Source data
++++++++++++++++++++
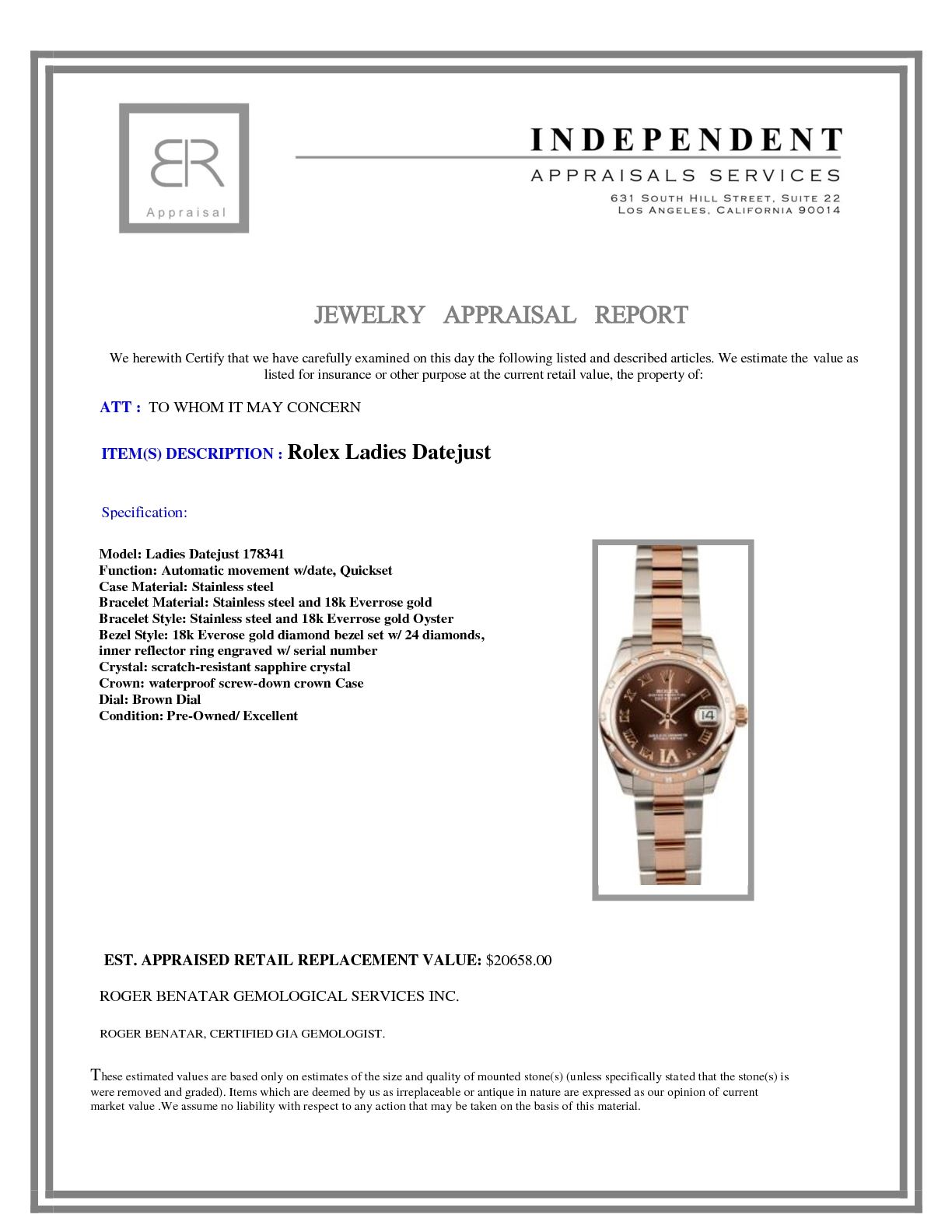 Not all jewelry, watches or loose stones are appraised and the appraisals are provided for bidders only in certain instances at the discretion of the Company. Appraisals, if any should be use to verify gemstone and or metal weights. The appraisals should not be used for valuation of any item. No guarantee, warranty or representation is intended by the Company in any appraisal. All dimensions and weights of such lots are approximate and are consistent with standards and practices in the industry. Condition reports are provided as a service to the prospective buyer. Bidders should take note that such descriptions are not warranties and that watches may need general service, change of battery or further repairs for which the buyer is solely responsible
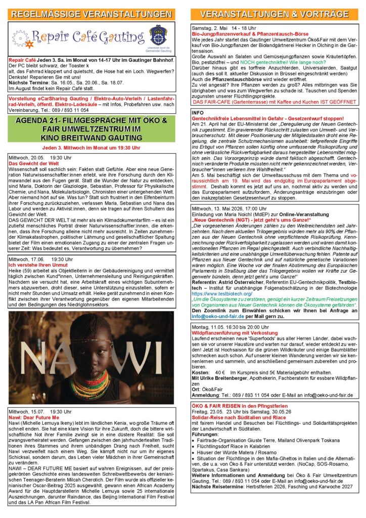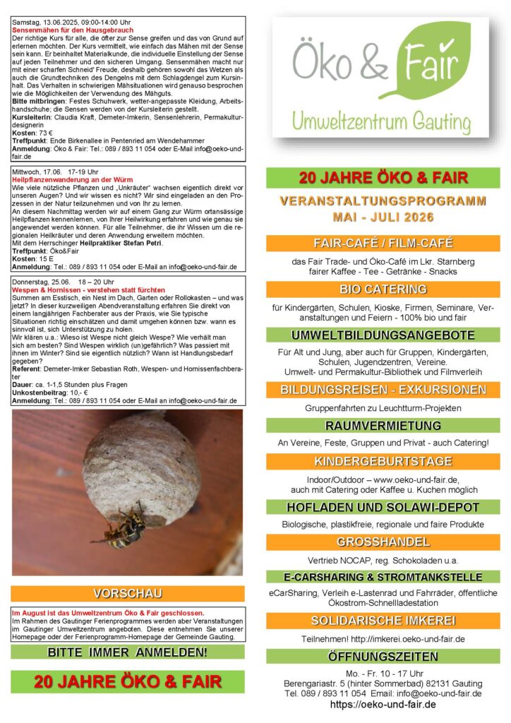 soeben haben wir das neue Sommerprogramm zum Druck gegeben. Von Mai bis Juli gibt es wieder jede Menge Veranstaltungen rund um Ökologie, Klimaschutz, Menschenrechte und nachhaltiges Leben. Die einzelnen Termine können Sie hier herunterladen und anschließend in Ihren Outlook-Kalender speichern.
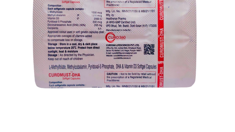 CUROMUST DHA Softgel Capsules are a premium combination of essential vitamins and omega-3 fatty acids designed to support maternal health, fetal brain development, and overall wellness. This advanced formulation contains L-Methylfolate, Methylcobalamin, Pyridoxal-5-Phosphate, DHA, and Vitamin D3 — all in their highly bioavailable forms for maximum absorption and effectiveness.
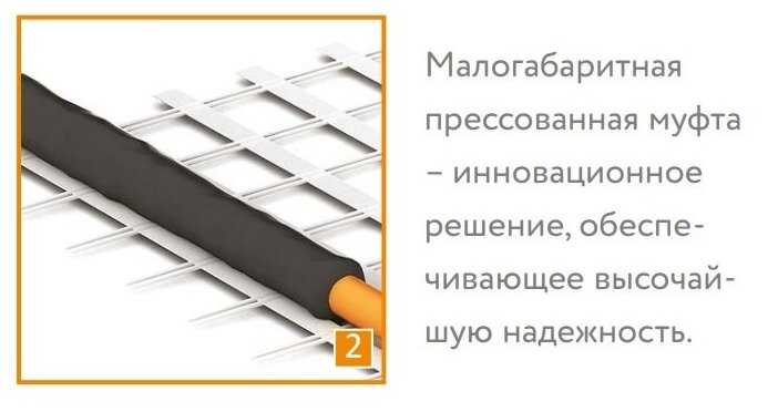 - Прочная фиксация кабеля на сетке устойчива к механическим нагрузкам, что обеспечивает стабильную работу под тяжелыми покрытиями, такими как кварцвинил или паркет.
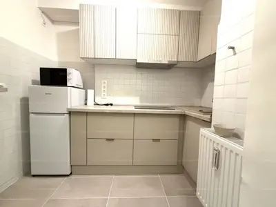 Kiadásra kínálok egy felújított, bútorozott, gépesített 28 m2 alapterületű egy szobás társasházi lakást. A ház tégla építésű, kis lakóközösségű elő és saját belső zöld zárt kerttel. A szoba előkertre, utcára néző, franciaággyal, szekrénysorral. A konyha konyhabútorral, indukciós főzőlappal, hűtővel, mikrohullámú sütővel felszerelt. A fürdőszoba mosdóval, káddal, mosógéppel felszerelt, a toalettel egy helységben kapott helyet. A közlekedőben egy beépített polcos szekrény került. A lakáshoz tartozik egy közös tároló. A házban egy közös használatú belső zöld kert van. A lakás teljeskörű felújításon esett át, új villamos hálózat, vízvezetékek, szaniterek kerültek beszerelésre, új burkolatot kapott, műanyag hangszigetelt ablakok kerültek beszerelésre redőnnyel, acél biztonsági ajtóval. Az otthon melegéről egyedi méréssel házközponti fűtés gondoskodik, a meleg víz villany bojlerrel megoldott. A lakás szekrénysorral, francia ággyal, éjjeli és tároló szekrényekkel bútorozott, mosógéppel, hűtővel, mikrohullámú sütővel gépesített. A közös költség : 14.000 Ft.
++++++++++++++++++++
• [Your assignment] Write out all the entries word for word, but drop the pictures.

• [Task solution]
 Not all jewelry, watches or loose stones are appraised and the appraisals are provided for bidders only in certain instances at the discretion of the Company. Appraisals, if any should be use to verify gemstone and or metal weights. The appraisals should not be used for valuation of any item. No guarantee, warranty or representation is intended by the Company in any appraisal. All dimensions and weights of such lots are approximate and are consistent with standards and practices in the industry. Condition reports are provided as a service to the prospective buyer. Bidders should take note that such descriptions are not warranties and that watches may need general service, change of battery or further repairs for which the buyer is solely responsible
 soeben haben wir das neue Sommerprogramm zum Druck gegeben. Von Mai bis Juli gibt es wieder jede Menge Veranstaltungen rund um Ökologie, Klimaschutz, Menschenrechte und nachhaltiges Leben. Die einzelnen Termine können Sie hier herunterladen und anschließend in Ihren Outlook-Kalender speichern.
 CUROMUST DHA Softgel Capsules are a premium combination of essential vitamins and omega-3 fatty acids designed to support maternal health, fetal brain development, and overall wellness. This advanced formulation contains L-Methylfolate, Methylcobalamin, Pyridoxal-5-Phosphate, DHA, and Vitamin D3 — all in their highly bioavailable forms for maximum absorption and effectiveness.
 - Прочная фиксация кабеля на сетке устойчива к механическим нагрузкам, что обеспечивает стабильную работу под тяжелыми покрытиями, такими как кварцвинил или паркет.
 Kiadásra kínálok egy felújított, bútorozott, gépesített 28 m2 alapterületű egy szobás társasházi lakást. A ház tégla építésű, kis lakóközösségű elő és saját belső zöld zárt kerttel. A szoba előkertre, utcára néző, franciaággyal, szekrénysorral. A konyha konyhabútorral, indukciós főzőlappal, hűtővel, mikrohullámú sütővel felszerelt. A fürdőszoba mosdóval, káddal, mosógéppel felszerelt, a toalettel egy helységben kapott helyet. A közlekedőben egy beépített polcos szekrény került. A lakáshoz tartozik egy közös tároló. A házban egy közös használatú belső zöld kert van. A lakás teljeskörű felújításon esett át, új villamos hálózat, vízvezetékek, szaniterek kerültek beszerelésre, új burkolatot kapott, műanyag hangszigetelt ablakok kerültek beszerelésre redőnnyel, acél biztonsági ajtóval. Az otthon melegéről egyedi méréssel házközponti fűtés gondoskodik, a meleg víz villany bojlerrel megoldott. A lakás szekrénysorral, francia ággyal, éjjeli és tároló szekrényekkel bútorozott, mosógéppel, hűtővel, mikrohullámú sütővel gépesített. A közös költség : 14.000 Ft.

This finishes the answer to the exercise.